Bugün gazetesi manşetinde, “Devlet eliyle şantaj yapılıyor” başlıklı habere yer verdi: “Halkın gerçekleri görmesini engellemek için televizyonlara hukuksuzca uygulanan sansür isyan ettirdi. Son olarak Türksat’ın Kanaltürk ve Bugün TV’yi uydudan çıkarma kararına her kesimden tepki yağdı. Basın Konseyi Başkanı Pınar Türenç: Demokratik kurallar hiçe sayılıyor. Kamuoyu haber alma hakkına sahip çıkmalı. Gazeteciler Cemiyeti Başkanı Turgay Olcayto: Dünyada örneği yok. Böyle bir saçmalık olur mu? Çağdaş Gazeteciler Derneği Başkanı Ahmet Abakay: ‘Bu insanlara ekmek vermeyin’ diye fırıncılara talimat yollamak gibi bir şey. CHP Grup Başkanvekili Özgür Özel: Muhalif yayın yapan herkes tehdit ediliyor. Devlet eliyle şantaj yapılıyor. MHP Grup Başkanvekili Oktay Vural: Halkın bilgi edinme hakkı kesiliyor. Hesabı sorulacak. HDP Milletvekili Dengir Mir Mehmet Fırat: Pervasızca ne hukuku ne kanunu dinliyorlar. Diğer yayıncı kuruluşlar sindirilmek isteniyor.”

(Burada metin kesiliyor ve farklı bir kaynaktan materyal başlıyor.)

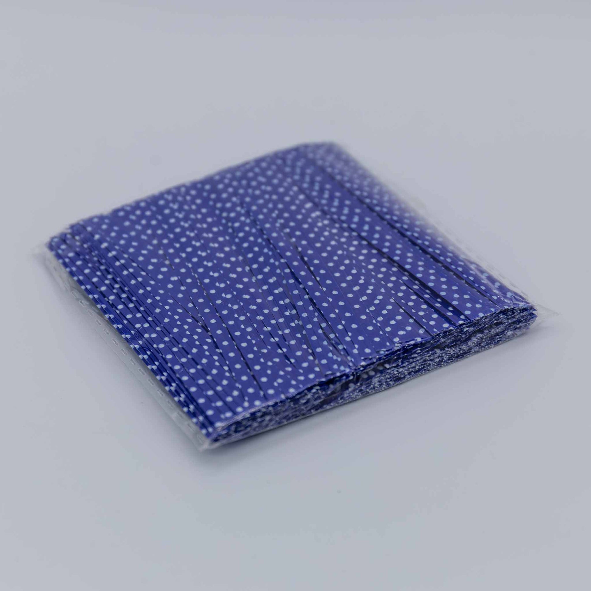These are ideal for closing up the lollipop sucker bags that we also offer. Conveniently sold in a package of 500 twist ties. Blue in color with white polka dots. Approximately 4 inches in length.

Haber Zaman gazetesinin sürmanşetinde ise, “Türksat’ın sansürü suçtur, RTÜK gereğini yapar” başlığıyla yer aldı. Haberde, “Devlet adına uydu işletmeciliği yapan Türksat, Bugün TV ve Kanaltürk’ün Türkiye’den izlenmemesi için karartma kararı aldı. RTÜK üyesi Süleyman Demirkan, ‘Bu, devlete karşı işlenen suçlar kapsamındadır. Neye göre, hangi yasaya göre, hangi mahkeme kararına göre bunu yaptınız?’ diyerek tepki gösterdi” ifadeleri kullanıldı.
“Oğlumu tutuklayın”
Hürriyet gazetesi manşetin yanında, “Oğlumu tutuklayın” başlıklı habere yer verdi. Haberde, “Gebze’den Suriye’ye gidip IŞİD’e katılan 19 yaşındaki Serkan Uzun’un babası Bekir Uzun yaşadıkları dramı anlattı. Bekir Uzun, Serkan’ın Kilis’te yakalandığını, ifadesi alınıp bırakıldığını, bir gün sonra da ‘Suriye’deyiz’ diye mesaj geldiğini söyledi. Baba Uzun, ‘Serkan’ın takma adı Ebu Mervan. Aileler bunu bile biliyor. Yetkililer bilmiyor mu?’ diye sordu. Oğlunun tutuklanıp korumaya alınmasını istedi” ifadeleri yer aldı.